Mayor Ghulam Haider Hamidi, 65, was the third powerbroker from southern Afghanistan to be killed in just more than two weeks, underlining fears of a surge in violence in the wake of the slaying of the president’s half brother. The Taliban have claimed responsibility for all three attacks, yet the area is rife with tribal rivalries and criminals and it is not yet certain who is behind the trio of killings.
Ahmed Wali Karzai was gunned down in his home in Kandahar by a close associate on July 12, leaving a power vacuum in Kandahar and dealing a blow to the strength of the president’s support, as well as the stability of the south where the Taliban hold the most sway.
Five days later, Karzai’s inner circle suffered another hit when gunmen killed Jan Mohammad Khan, an adviser to the president on tribal issues and a former governor of Uruzgan Province, also in southern Afghanistan.

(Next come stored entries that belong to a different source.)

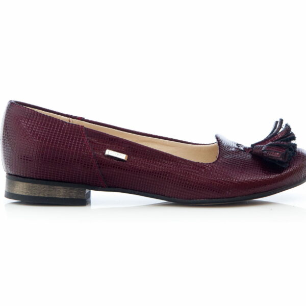 eleganckie głębokie baleriny na obcasie - skóra naturalna - model 009 - bordowy lakier
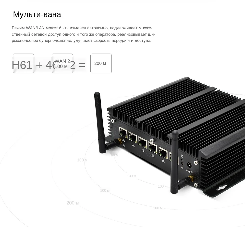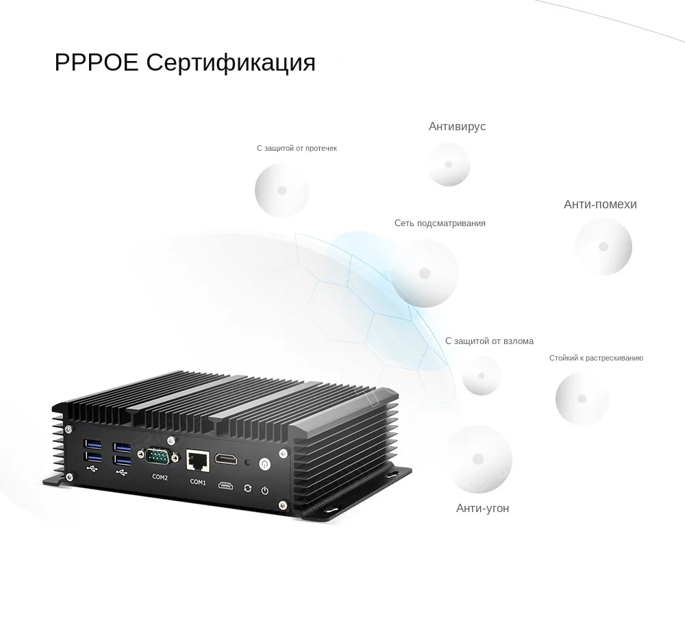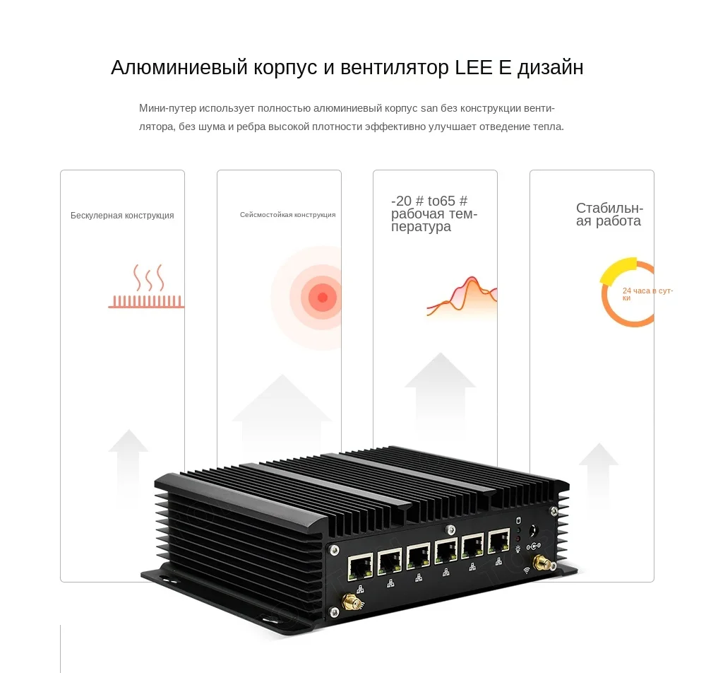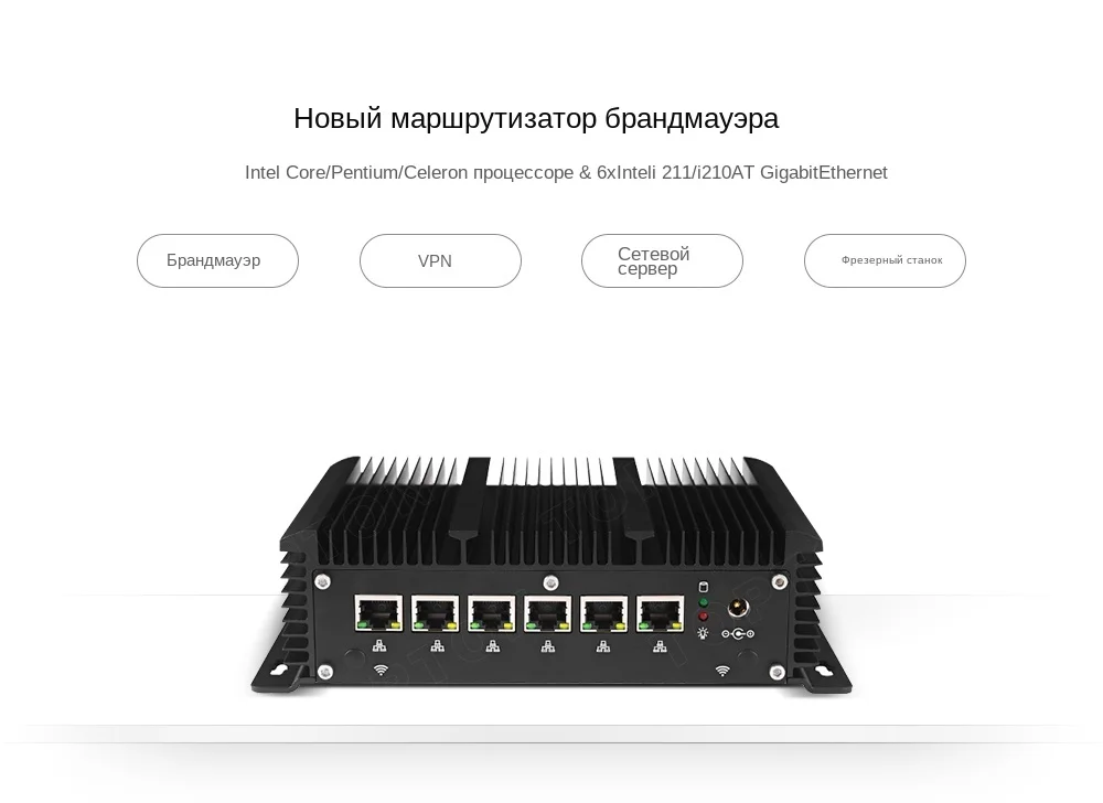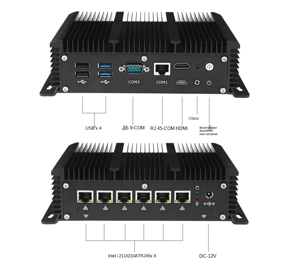-6 * Intel i211/i201-AT Gigabit RJ45 LANs и 2 * RS232 COM портов, Поддержка Windows, Linux и pfSense OS.
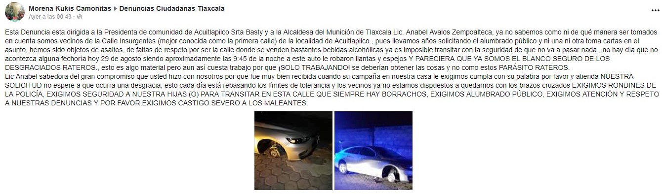 Tras el botín que obtuvo la conocida banda de robo de autopartes en días pasados de los vecinos de Acuitlapilco, ciudadanos exigieron a la presidenta municipal Anabell Ávalos Zempoalteca que cumpla con su palabra empeñada en campaña y cesen los ilícitos que en los últimos meses han incrementado.
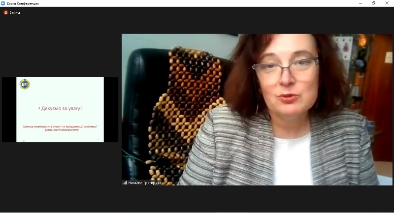 Про моніторинг ЕНМКД на платформі дистанційного навчання доповіла начальниця відділу дистанційного навчання Оксана Петруша. Вона повідомила, що протягом осіннього семестру 2021-2022 н. р. сформовані 1300 курсів для забезпечення навчального процесу для здобувачів денної форми навчання та зареєстровані понад 1200 здобувачів. Для здобувачів стаціонару протягом шести перших тижнів весняного семестру 2021-2022 н. р. – з 10 січня до 18 лютого 2022 р. буде проводитись дистанційний період, для чого повинні бути наповненні та оновлені 1300 ЕНМКД. На заочну дистанційну форму навчання у 2021 році були зареєстровані на платформі дистанційного навчання близько 150 здобувачів. Для забезпечення заочної/дистанційної форми навчання актуалізований перелік курсів на поточний навчальний рік. Консультації з особливостей роботи у системі дистанційного навчання надаються очно та дистанційного через форум для викладачів, електрону пошту та через месенджери.

A member of parliament was also killed in the July 17 attack at Khan’s home in Kabul.
Taliban spokesman Qari Yousef Ahmadi told reporters that they killed the Kandahar mayor because he had ordered the destruction of homes that city officials claimed had been illegally constructed. Ahmadi said the mayor was killed to avenge the deaths of two children who were killed during the demolition work.
Kandahar Governor Tooryalai Wesa said the two children were accidentally killed by a bulldozer knocking down the homes.
During his four years as mayor, Hamidi became the enemy of the Taliban, as well as others involved in criminal activities.
The mayor’s son-in-law, Abdullah Khan, said Hamidi had launched a campaign against warlords and criminals and was particularly harsh on people who took illegal control of property. Just two days before the killing, he said his father-in-law had ordered several large homes torn down because they had been built illegally.
“I don’t know who did this,” Khan said by telephone. “From day one I was afraid. Even I wanted to put pressure on him to leave.”
“It is up to the police to investigate, but we don’t really have police that can do a good investigation,” Khan said.
New US Ambassador to Afghanistan Ryan Crocker and General John Allen, the new commander of US and NATO forces in Afghanistan, condemned the assassination.
Crocker told reporters at the US embassy in Kabul that the assassination was indicative of the challenges ahead in Afghanistan.
“Assassinations are horrific acts — they are acts of terror and can have major impacts,” he said. “But I don’t think you can chart a straight line that says that three assassinations guarantee a total unraveling either of international support or Afghan confidence. It could very well go the other way.”